**Work to complete:** Nothing but the lines from the one containing "STYLE 4000 5% ECO/TOBACCO" through the end of the data below should appear in the answer, each exact and free of pictures.

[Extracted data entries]
-- Opening Marker --
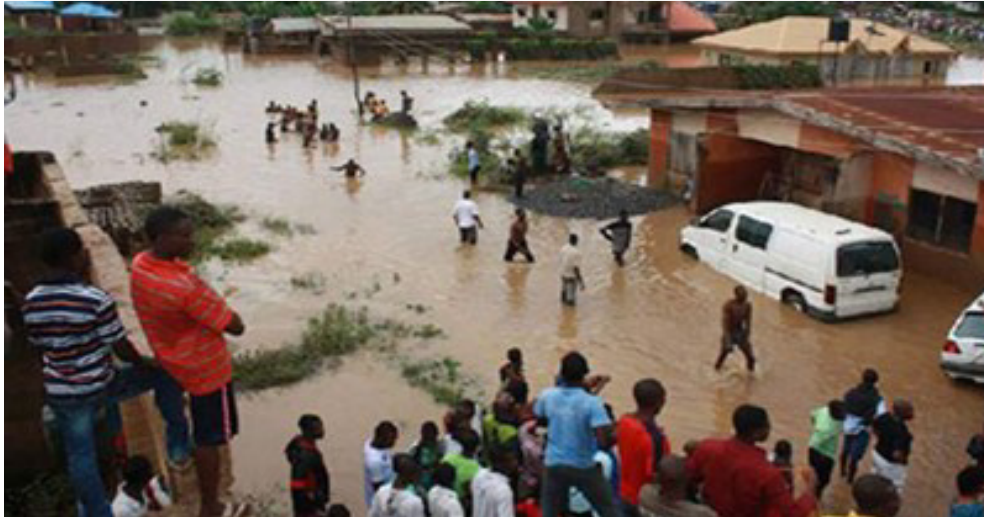
Picture 1. A flooded community in Ibadan
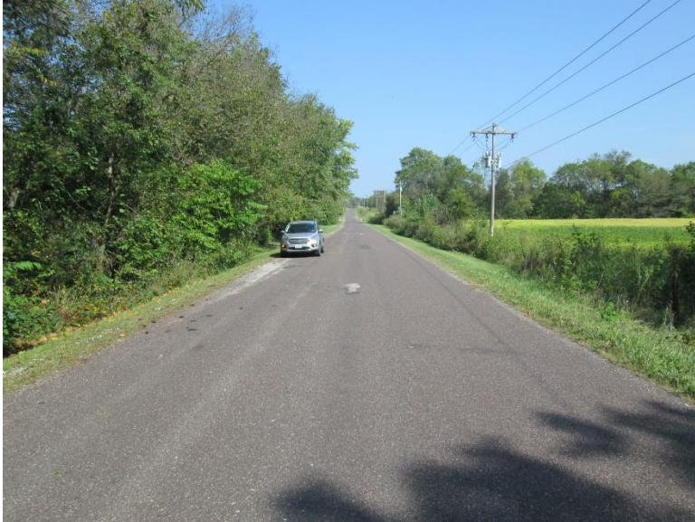
Looking north along Helmig Road from the structure The roadway is chip sealed with minimal grass shoulders.
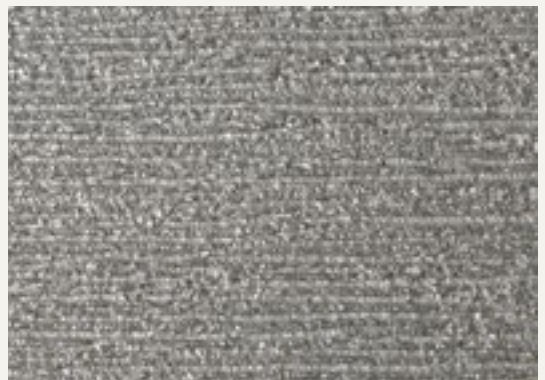
R-STONE FONDO 17302 + R-STONE METAL SILVER
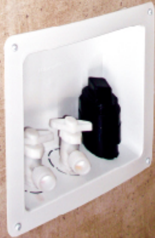
Prepped For Washer and Dryer
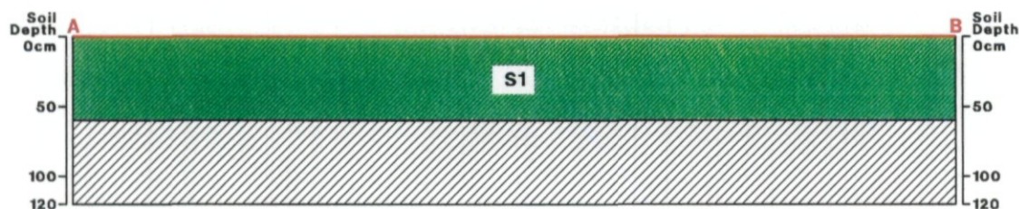
Diagrammatic Section across Site

Based upon the 1980 1:10,000 Ordnance Survey maps NZ 33 NW\NE with the permission of the Controller of Her Majesty's Stationary Office. Project Number: 51\96 Information compiled by ADAS Resource Planning Team, Leeds Statutory Centre. Map produced by ADAS Resource Planning Team Cartographic Unit, Leeds Statutory Centre Unauthorised reproduction infringes Crown Copyright and may lead to civil proceedings. © Crown copyright. MAFF Licence GD272361.
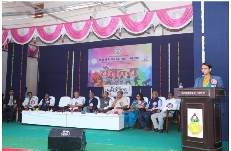
Chaitanya 2020 College Annual Function Prize Distribution Ceremony
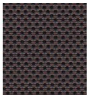
STYLE 4000 5% ECO/TOBACCO
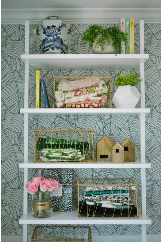
Wallpaper: The Palms in White by WallsNeedLove)
-- Closing Marker --
**Completed task:**
STYLE 4000 5% ECO/TOBACCO
Wallpaper: The Palms in White by WallsNeedLove)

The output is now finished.